[DATA BELOW Boundary: Start]

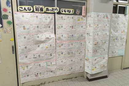 夏休みに1年生から4年生が考えた「こんな給食あったらいいな!」をテーマにした献立を正面玄関入って左すぐの食育ルーム前に展示しています。おいしそうで、とてもユニークな作品がたくさんあります。5.6年生の作品は大阪府の献立コンクールに参加しています。
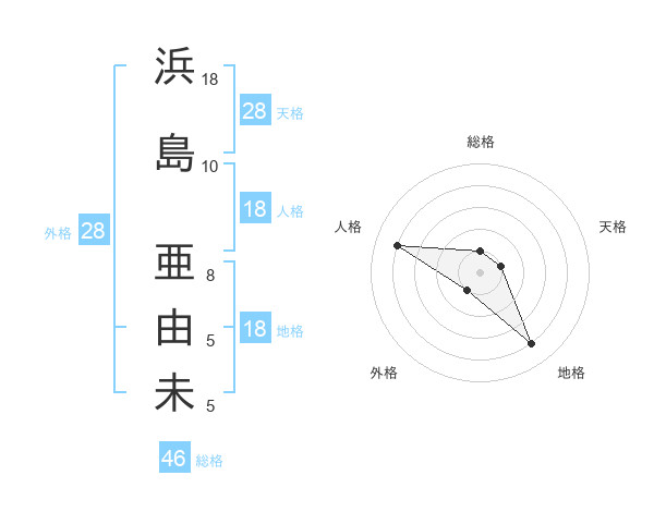 浜島 亜由未さんの天格は28画の1点!
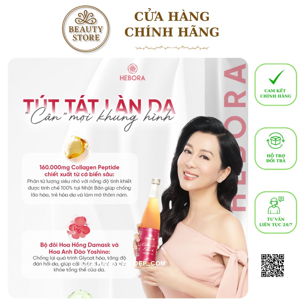 - Đã đẹp lại còn lưu hương thơm quyến rũ tự thân, với công thức làm đẹp tự nhiên và đẳng cấp của Nước Uống Collagen Enrich Hebora. Nước uống kết hợp độc đáo giữa hàm lượng cao collagen, dưỡng da săn chắc, cùng tinh chất hoa hồng Damask giúp thanh lọc cơ thể, lưu hương thơm đầy tinh tế và quyến rũ.
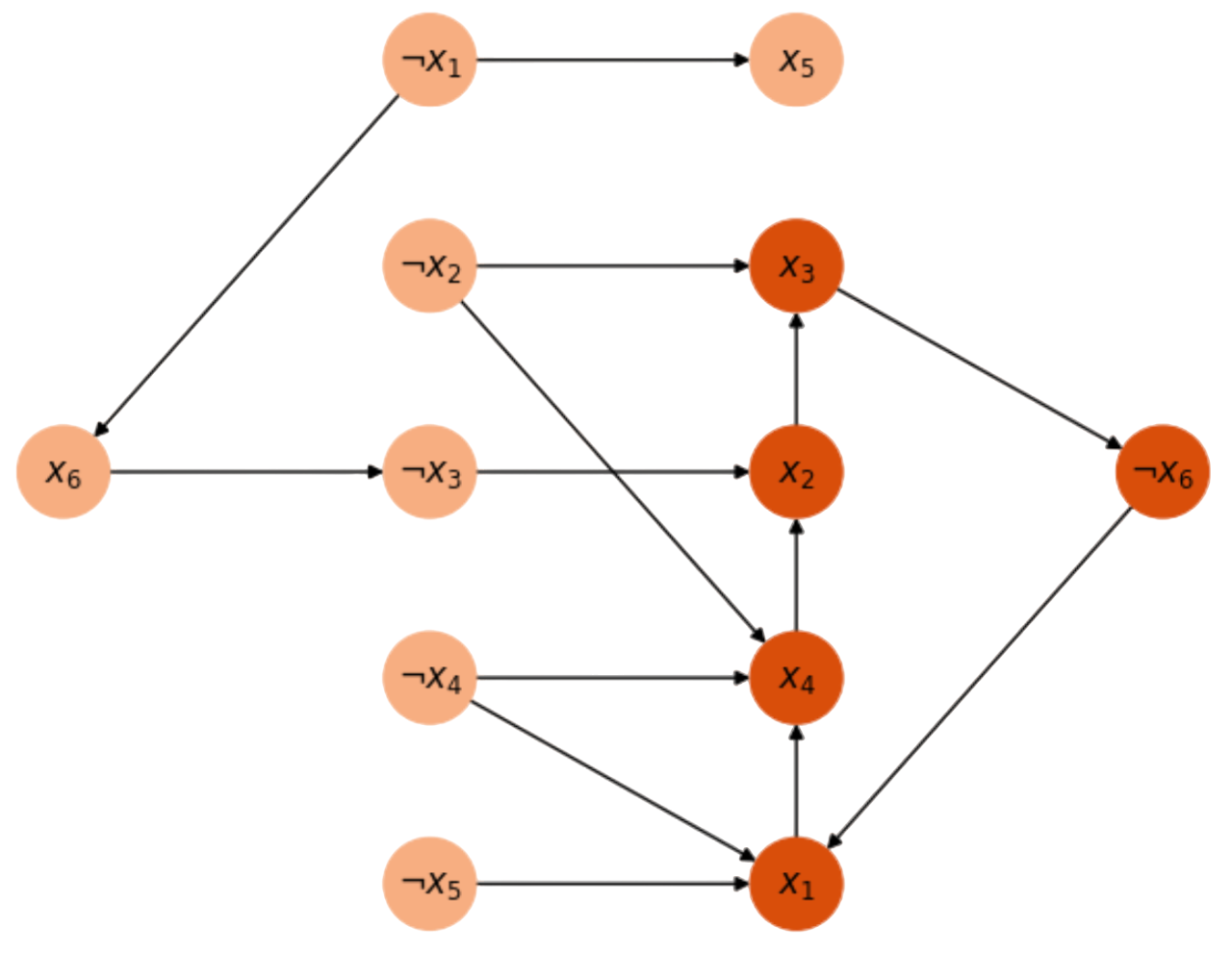 Firstly, two nodes \(i,j\in V\) are strongly connected if there exists a directed path \(\Gamma_{ij}\) connecting them. For instance, in Fig. 1.1, \(i=x_2\) and \(j=x_1\) are strongly connected since we have \(\Gamma_{ij}=\{i=x_2\rightarrow x_3\rightarrow \neg x_6\rightarrow x_1=j\} \). Actually all the nodes in dark orange belong to the same strongly-connected component \(C_8=\{x_1,x_2,x_3, x_4,\neg x_6\}\). In short, we can visit all the nodes in \(C_8\) starting from any of them.

[DATA BELOW Boundary: End]

TRY IT:
All lines from the beginning of the material through the line that holds "浜島 亜由未さんの天格は28画の1点!", both included, should be returned exactly; please omit any pictures and add no other lines.

WRITTEN SOLUTION:
 夏休みに1年生から4年生が考えた「こんな給食あったらいいな!」をテーマにした献立を正面玄関入って左すぐの食育ルーム前に展示しています。おいしそうで、とてもユニークな作品がたくさんあります。5.6年生の作品は大阪府の献立コンクールに参加しています。
 浜島 亜由未さんの天格は28画の1点!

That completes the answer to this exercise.